*** Opening of RECORD SET ***

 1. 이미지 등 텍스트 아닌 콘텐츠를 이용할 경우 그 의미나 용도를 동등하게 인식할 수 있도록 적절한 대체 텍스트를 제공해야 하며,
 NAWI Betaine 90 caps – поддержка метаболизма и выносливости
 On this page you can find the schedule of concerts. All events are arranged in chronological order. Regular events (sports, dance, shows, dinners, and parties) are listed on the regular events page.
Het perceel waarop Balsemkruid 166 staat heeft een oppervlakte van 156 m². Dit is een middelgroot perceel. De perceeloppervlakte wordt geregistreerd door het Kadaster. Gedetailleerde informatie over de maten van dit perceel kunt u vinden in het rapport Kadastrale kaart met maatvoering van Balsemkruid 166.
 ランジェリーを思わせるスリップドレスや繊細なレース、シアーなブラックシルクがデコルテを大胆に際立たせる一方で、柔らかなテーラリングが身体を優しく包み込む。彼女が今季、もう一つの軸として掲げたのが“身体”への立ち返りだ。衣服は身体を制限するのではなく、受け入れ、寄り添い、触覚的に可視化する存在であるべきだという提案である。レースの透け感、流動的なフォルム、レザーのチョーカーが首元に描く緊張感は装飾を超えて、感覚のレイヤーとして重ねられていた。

*** Close of RECORD SET ***
*** Opening of RECORD SET ***

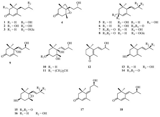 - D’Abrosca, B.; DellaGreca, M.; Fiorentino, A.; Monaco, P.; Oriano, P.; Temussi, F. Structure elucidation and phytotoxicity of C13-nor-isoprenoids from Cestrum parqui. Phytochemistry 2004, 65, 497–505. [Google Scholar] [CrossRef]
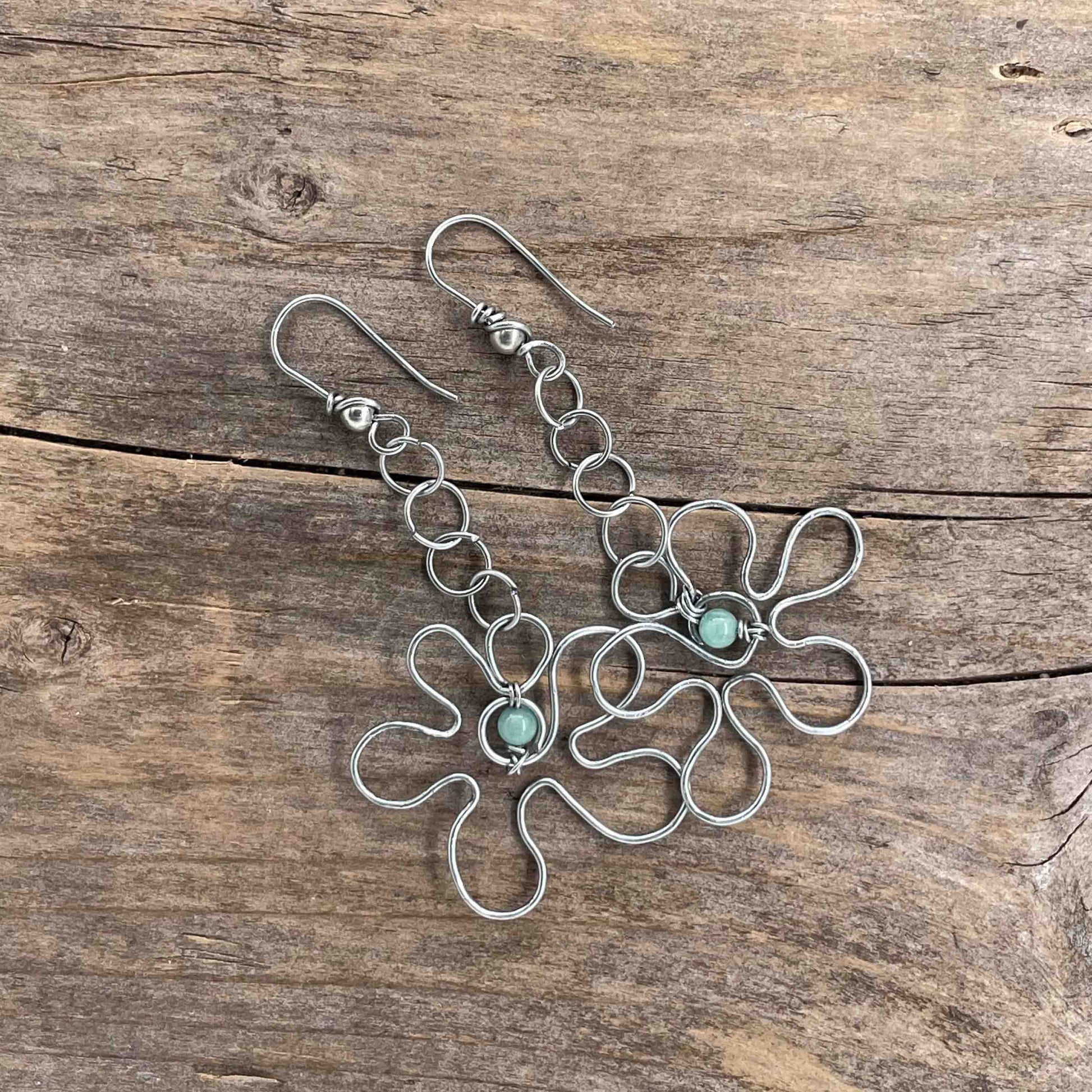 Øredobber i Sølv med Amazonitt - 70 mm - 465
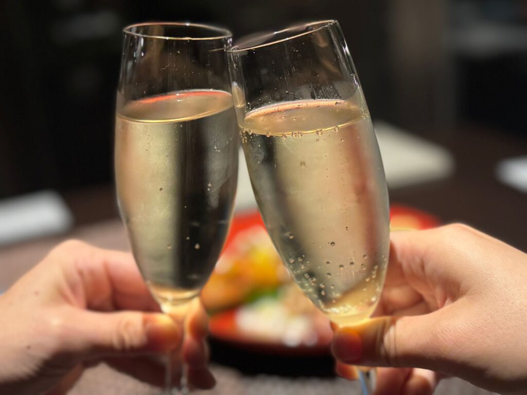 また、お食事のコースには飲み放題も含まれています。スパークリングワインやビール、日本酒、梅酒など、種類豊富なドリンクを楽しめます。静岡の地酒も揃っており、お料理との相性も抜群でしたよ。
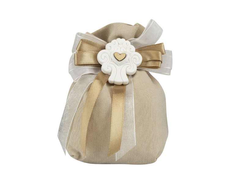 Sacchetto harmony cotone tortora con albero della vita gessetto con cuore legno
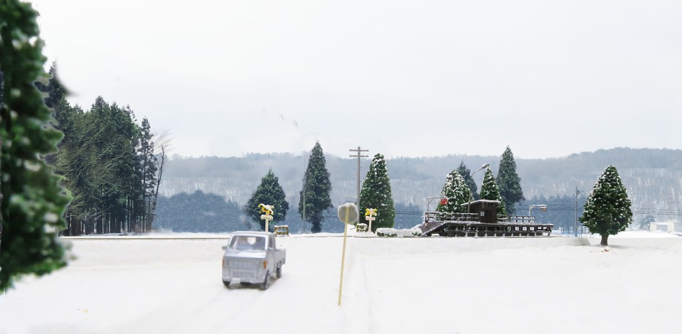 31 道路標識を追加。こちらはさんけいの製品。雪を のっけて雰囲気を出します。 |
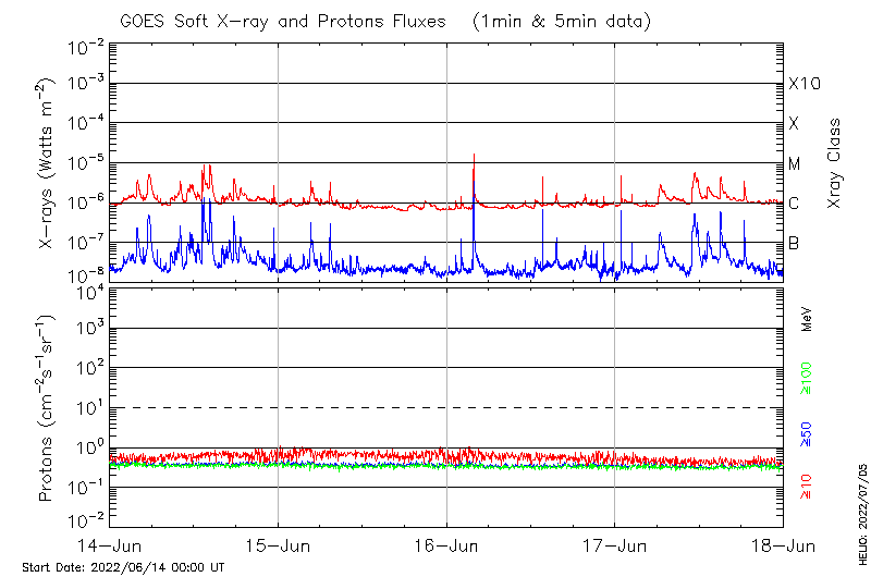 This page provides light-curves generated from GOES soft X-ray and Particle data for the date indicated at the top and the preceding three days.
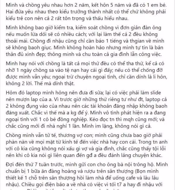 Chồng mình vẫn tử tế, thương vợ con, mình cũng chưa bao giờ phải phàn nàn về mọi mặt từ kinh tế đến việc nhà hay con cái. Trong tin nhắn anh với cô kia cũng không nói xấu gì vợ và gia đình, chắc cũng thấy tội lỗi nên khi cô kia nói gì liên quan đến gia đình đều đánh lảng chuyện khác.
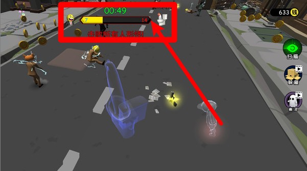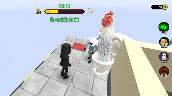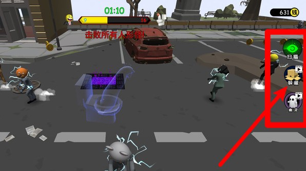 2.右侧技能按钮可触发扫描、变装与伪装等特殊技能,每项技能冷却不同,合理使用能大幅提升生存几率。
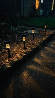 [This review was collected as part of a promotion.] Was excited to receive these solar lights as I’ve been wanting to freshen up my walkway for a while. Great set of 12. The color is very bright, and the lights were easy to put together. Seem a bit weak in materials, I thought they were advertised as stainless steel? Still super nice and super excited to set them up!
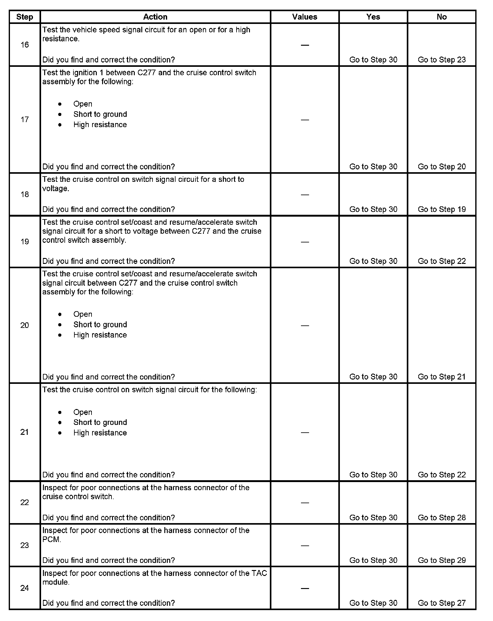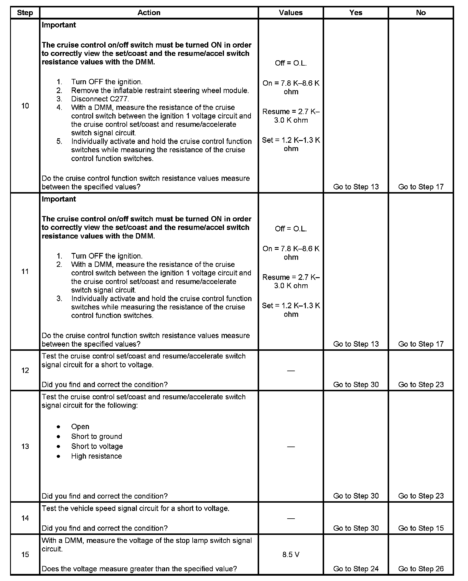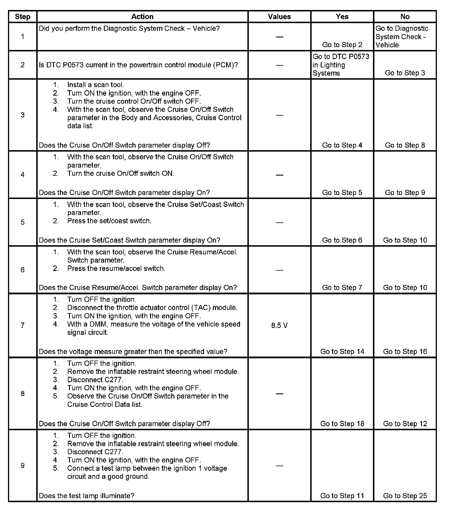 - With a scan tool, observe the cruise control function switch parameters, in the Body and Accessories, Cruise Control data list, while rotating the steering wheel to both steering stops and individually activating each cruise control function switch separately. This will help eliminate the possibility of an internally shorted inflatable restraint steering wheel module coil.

*** Close of RECORD SET ***

◆ EXERCISE OBJECTIVE
Write out again exactly the lines above from the one with "- D’Abrosca, B.;" through the one with "Sacchetto harmony cotone", adding no other lines and no pictures.

◆ RESULT OF THIS TASK
 - D’Abrosca, B.; DellaGreca, M.; Fiorentino, A.; Monaco, P.; Oriano, P.; Temussi, F. Structure elucidation and phytotoxicity of C13-nor-isoprenoids from Cestrum parqui. Phytochemistry 2004, 65, 497–505. [Google Scholar] [CrossRef]
 Øredobber i Sølv med Amazonitt - 70 mm - 465
 また、お食事のコースには飲み放題も含まれています。スパークリングワインやビール、日本酒、梅酒など、種類豊富なドリンクを楽しめます。静岡の地酒も揃っており、お料理との相性も抜群でしたよ。
 Sacchetto harmony cotone tortora con albero della vita gessetto con cuore legno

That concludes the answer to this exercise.